The Role of a Reliable Malpractice Insurance Provider

The complexities and nuances of Medicare compliance and transitioning to a cash-based practice underscore the importance of having a knowledgeable and reliable malpractice insurance provider. ChiroFutures Malpractice Insurance Program plays a vital role in this scenario, offering expert advice, risk management strategies, and answers to intricate questions like those posed by Dr. Markson.

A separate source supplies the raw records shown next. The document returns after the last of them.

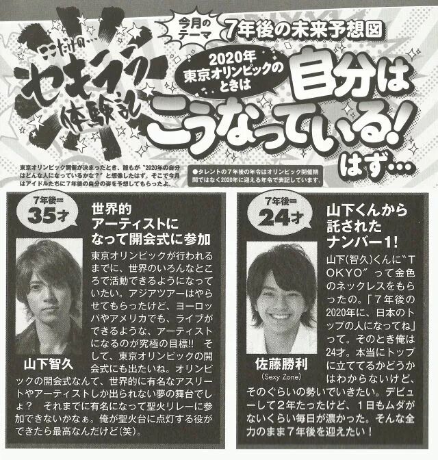 在东京奥运会开幕以前,想去世界各地参加活动。虽然举行了亚洲巡演,能在欧洲和美国进行演出成为艺人是我最终的目标!!然后,想在东京奥运会开幕式上表演。奥运会的开幕式,本就只有世界有名的艺人才能参加的吧?到了那时,变有名了的我能参加火炬传递吗。我要是能在圣火台点亮圣火就最好了(笑)。
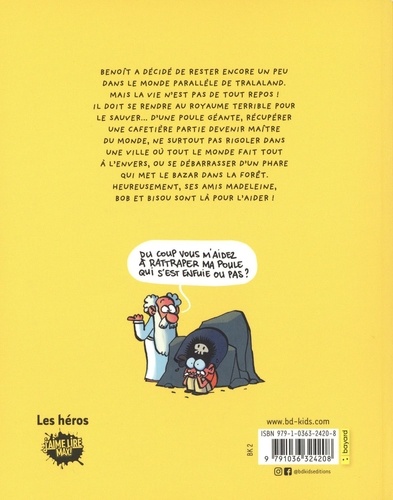 C'est une catastrophe : le giga-canon qui devait le ramener chez lui, a explosé, alors qu'enfin Benoît avait trouvé des piles pour le faire fonctionner... Heureusement, Madeleine est là pour le soutenir. Et puis le garçon s'accomode de ses autres amis, Bisou le loup, et Bob, le savant sans tête. Piégé dans un monde parallèle, Tralaland, Benoît aimerait bien pouvoir rentrer, mais quand il en aura envie. Parce qu'en fait, il est bien là-bas. Même si parfois...
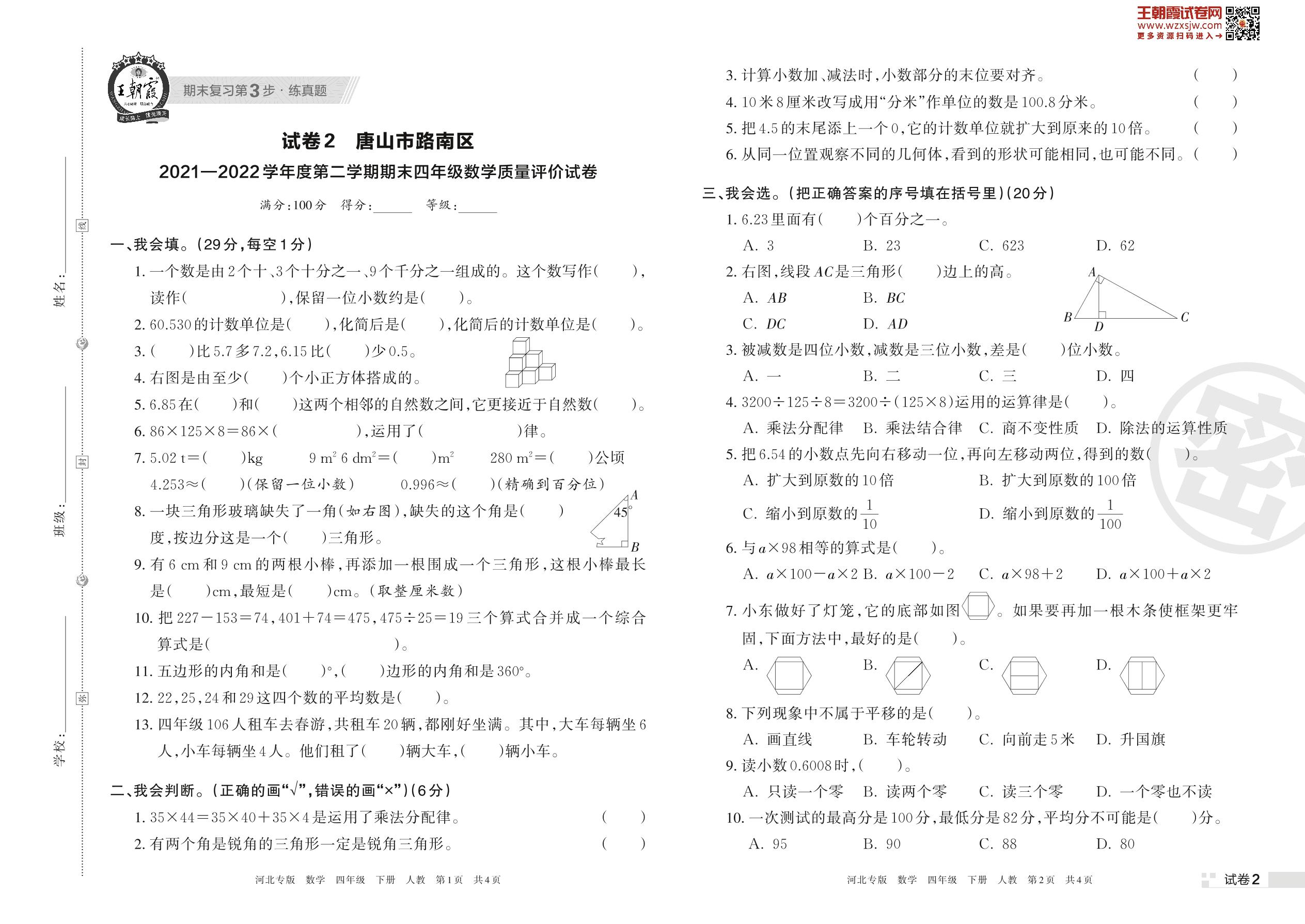 唐山市路南区2021—2022学年度第二学期期末四年级数学质量评价试卷(人教版)【2】
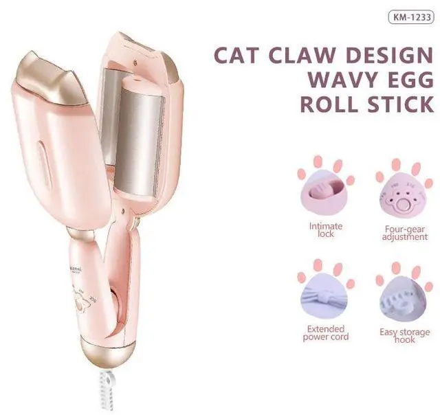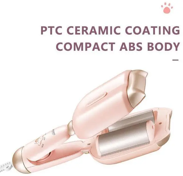 • Km-1233 Cute Designed Pink Color 4Levers Fast Temperature Iron Tool V-Shape Hair DIY Heating Machine Electric PTC Curler
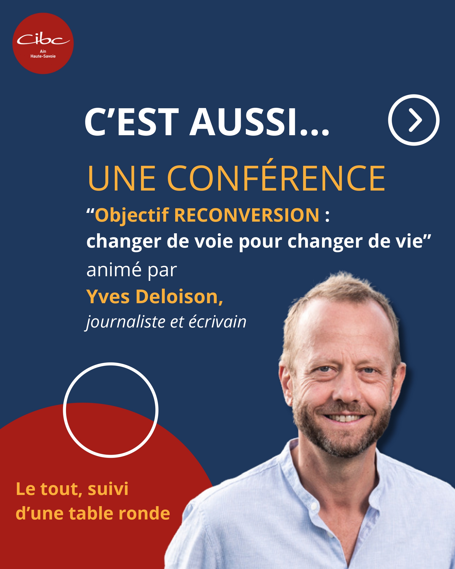 Au programme, une trentaine d’exposants et acteurs de l’emploi provenant de plusieurs filières (Transport, BTP & Industrie, Santé ou encore Artisanat…) seront présent pour répondre à vos questions. De plus, le journaliste et écrivain Yves Deloison animera une conférence « Objectif reconversion : changer de voie pour changer de vie ». Le CIBC propose également une mini-conférence et une table ronde lors de cet événement.
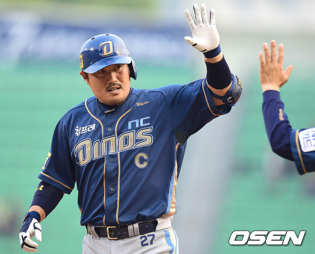 12회초 NC 공격 1사 3루 상황 이호준이 1타점 중전 적시타를 날리고 1루에 안착해 전준호 코치와 인사를 나누고 있다.
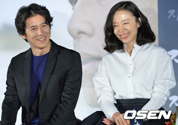 배우 전도연과 고수가 인사말 전하며 미소짓고 있다.
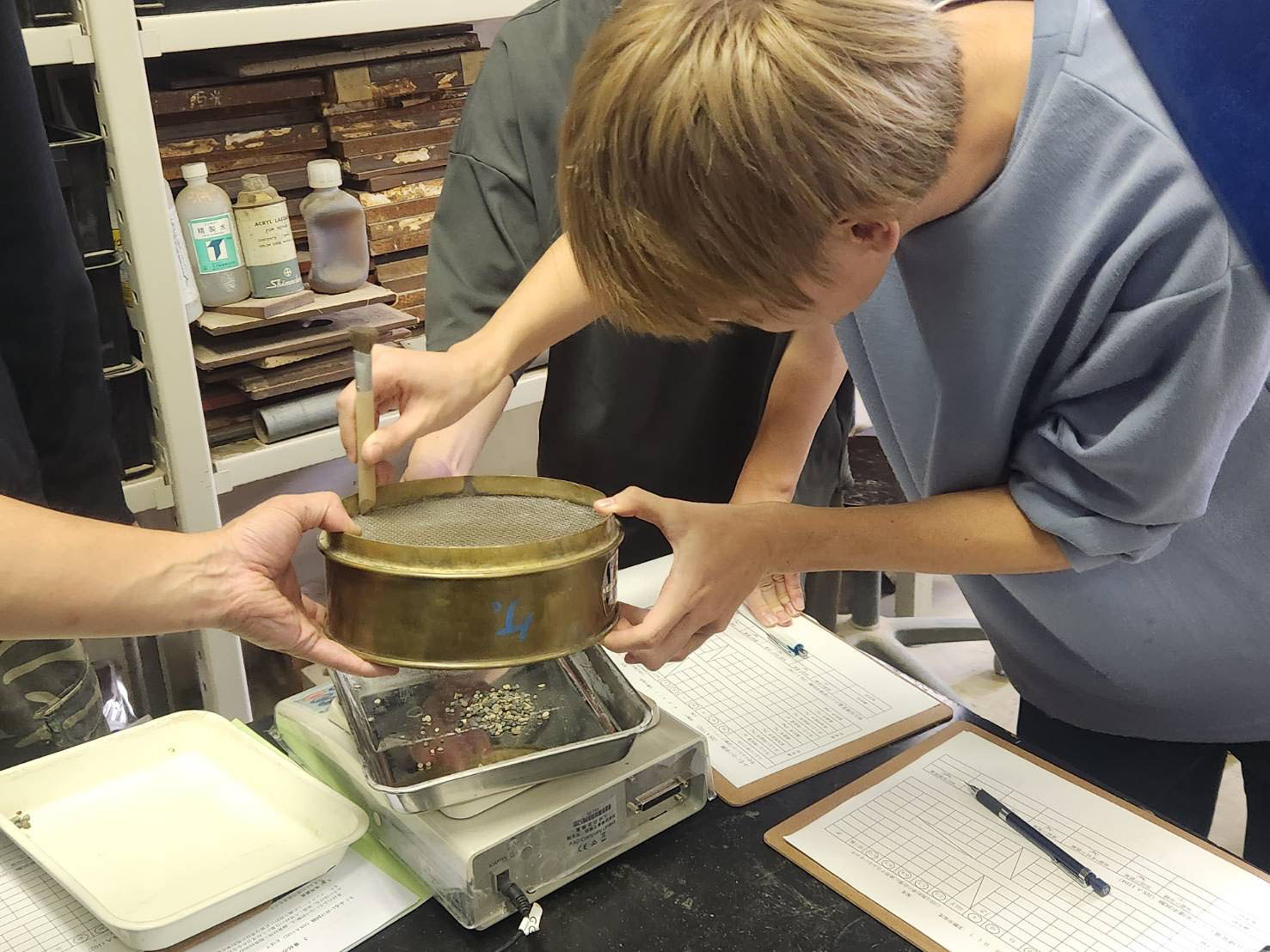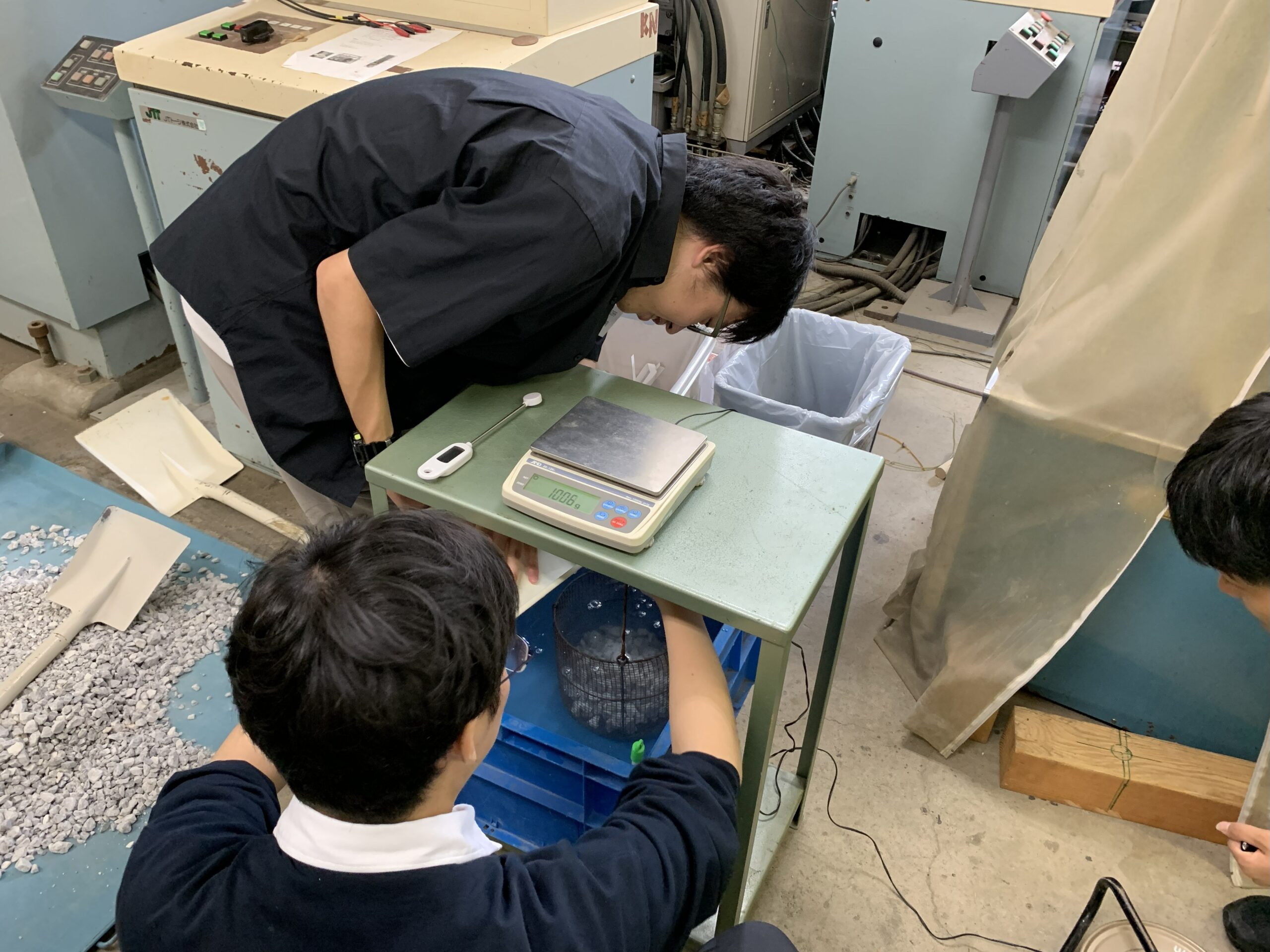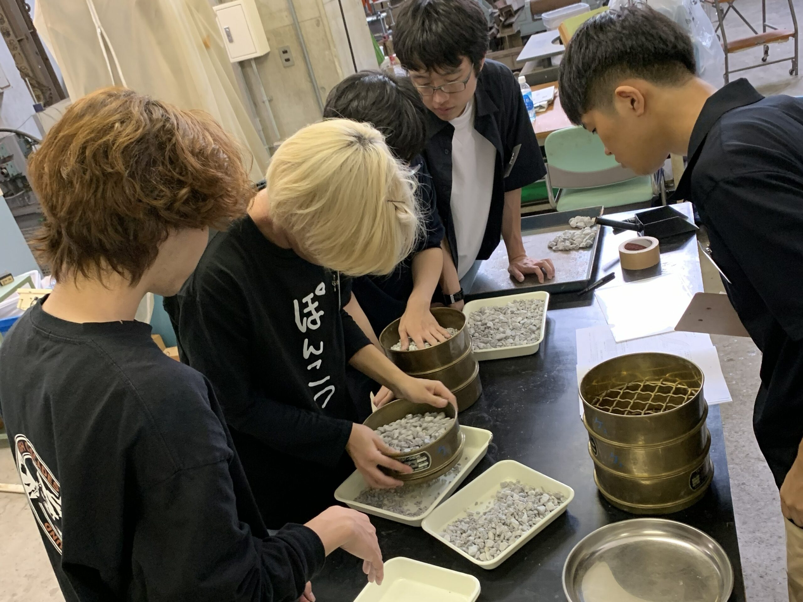 ふるい分け試験では、何層にもなる網ふるいを上下左右に動かしながら行い、各網ふるいにとどまった試料の質量を計測しました。粗骨材チームは網ふるいに大量の試料を入れてしまい、うまく骨材が通過せず苦戦していました。細骨材チームは網ふるいの網目に詰まった細かな骨材をブラシを使用して落としていましたが、なかなか骨材が落ちず苦い顔をしていました。
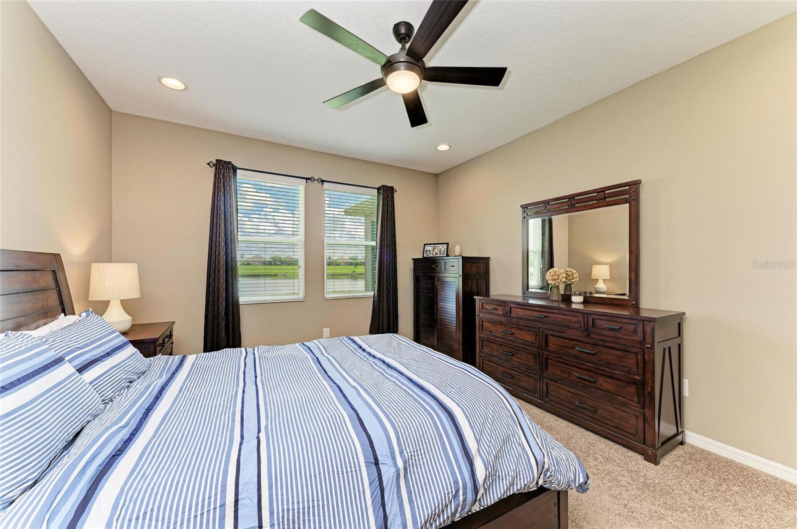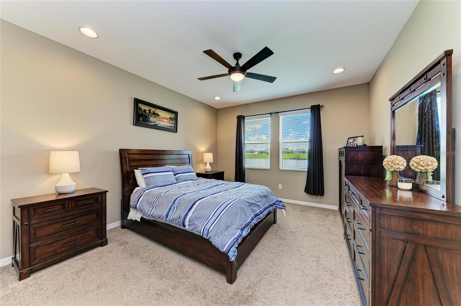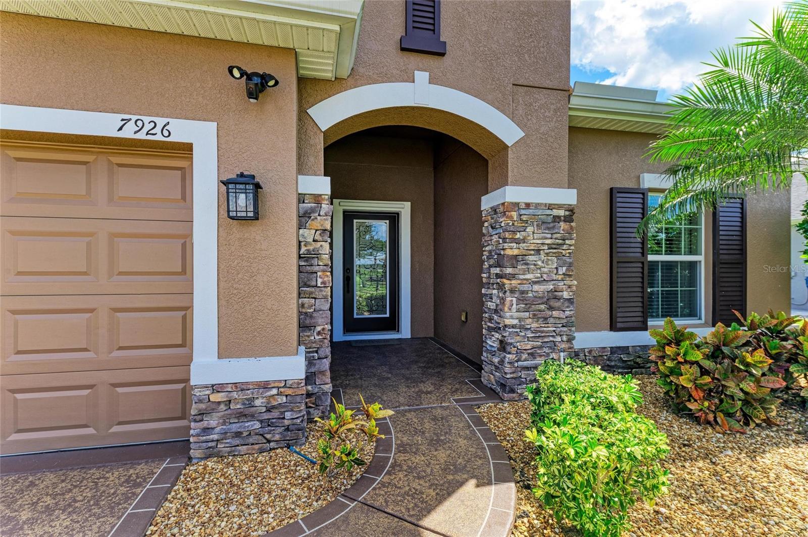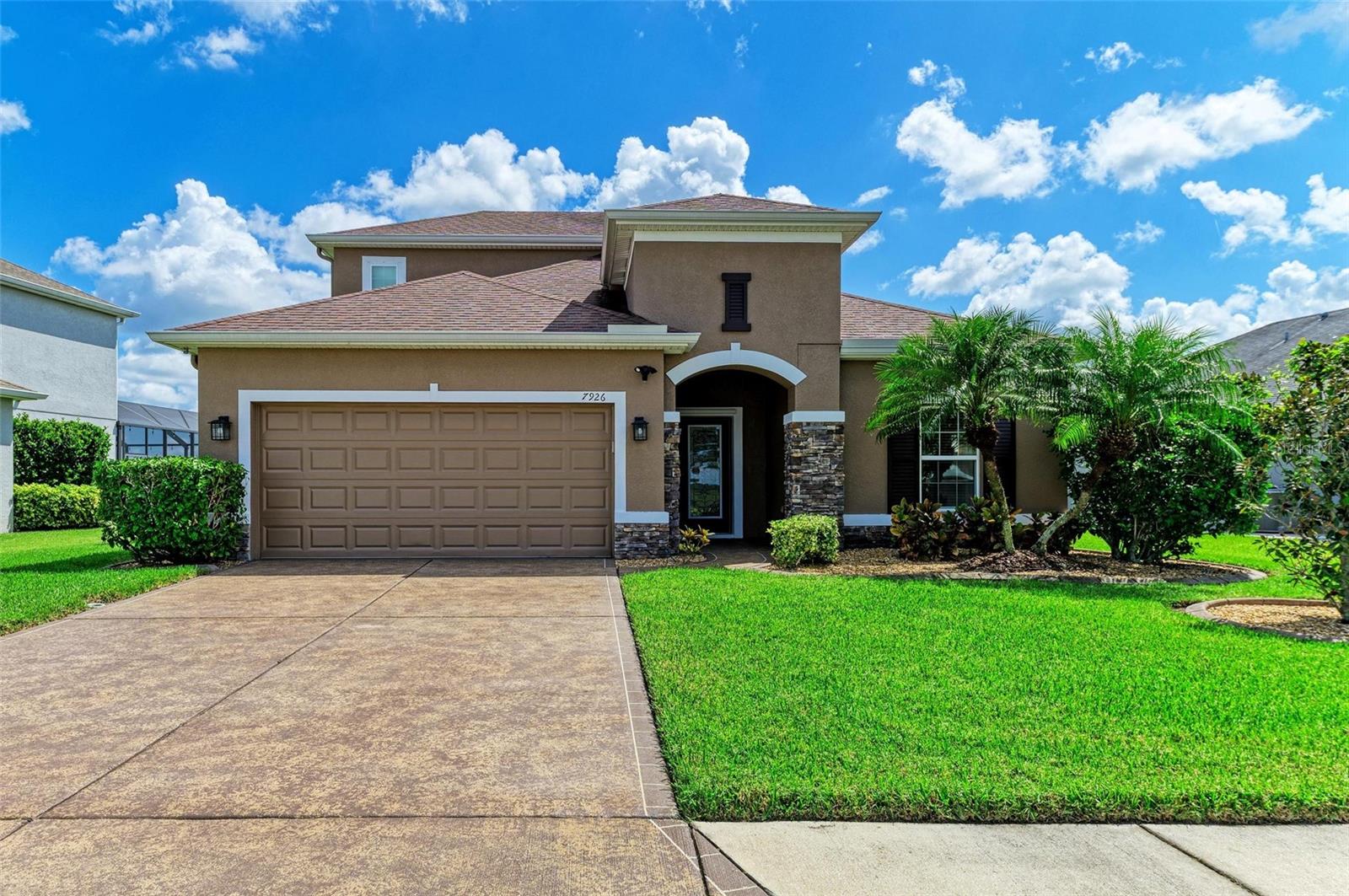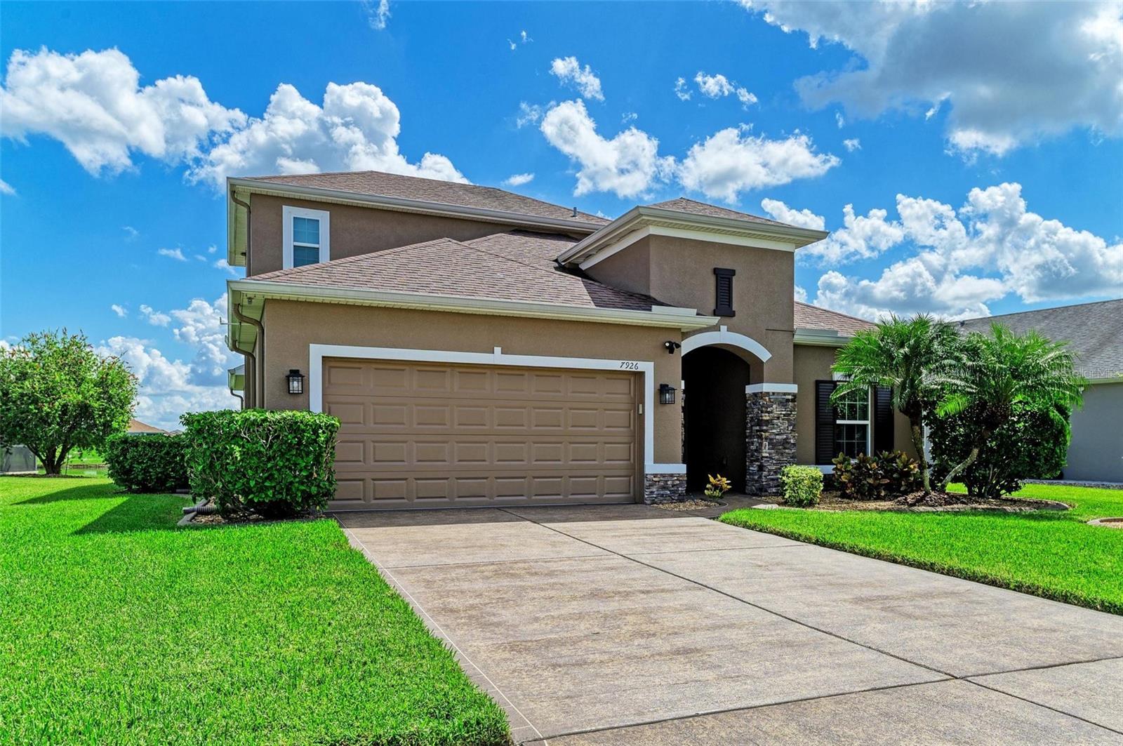 Welcome to this beautifully maintained 4-bedroom, 3-bathroom home with a 2-car garage and nearly 2,400 sq ft of living space, located in the highly desirable gated community of Copperstone. From the moment you arrive, you'll notice the professional landscape curbing, a decorative stained driveway, and a stunning glass front door. Inside, the home features a split floor plan with the master suite privately tucked away and offering peaceful water views, a spacious walk-in closet, and a spa-like bath with dual sinks, granite countertops, and a tiled walk-in shower. On the opposite end of the home, you'll find three additional bedrooms along with a full bathroom featuring dual sinks, granite counters, and a tiled shower/tub combo. The main living areas are finished with tile flooring throughout for easy care and style. The gourmet kitchen overlooks the family room, making it perfect for entertaining. The kitchen is equipped with granite countertops, pendant lighting, a tiled backsplash, stainless steel appliances, and tall espresso cabinets with crown molding. Just off the kitchen, enjoy easy access to the screened lanai, where you can relax and take in sunrises over the water. The oversized backyard has plenty of room for a pool and can be fenced for additional privacy. Upstairs, a large bonus area with a full bathroom offers endless possibilities--ideal for a home theater, playroom, or guest suite. Additional features include gutters, hurricane shutters, and an irrigation system. The home is ideally situated on a quiet dead-end street with minimal traffic for added peace of mind. Copperstone residents enjoy a wealth of community amenities including two resort-style pools, a playground, sport courts, a clubhouse, and secure gated access. Families will love being within walking distance to a new elementary school and high school. Perfectly located, Copperstone is just minutes from shopping, dining, Fort Hamer boat launch, and two new county parks. With quick access to I-75, you'll be at the beaches, Tampa, St. Pete, Sarasota, or two major airports within 45 minutes or less. This home offers the perfect balance of space, style, and community living. Don't miss your chance to call Copperstone home!

Their guidance in navigating federal regulations, understanding billing codes, and correctly using forms like the ABN, not only ensures legal and ethical compliance but also provides peace of mind. Chiropractors are thus free to focus on patient care, knowing they have a strong support system to rely on for any queries or concerns.

Conclusion

Transitioning to a cash-based practice while ensuring compliance with Medicare regulations is a delicate balance that requires careful consideration and expert guidance. The advice and support from a malpractice insurance provider like ChiroFutures are invaluable in this journey. By staying informed and adhering to the guidelines, chiropractic practitioners can navigate these changes smoothly, ensuring both the wellbeing of their patients and the integrity of their practice.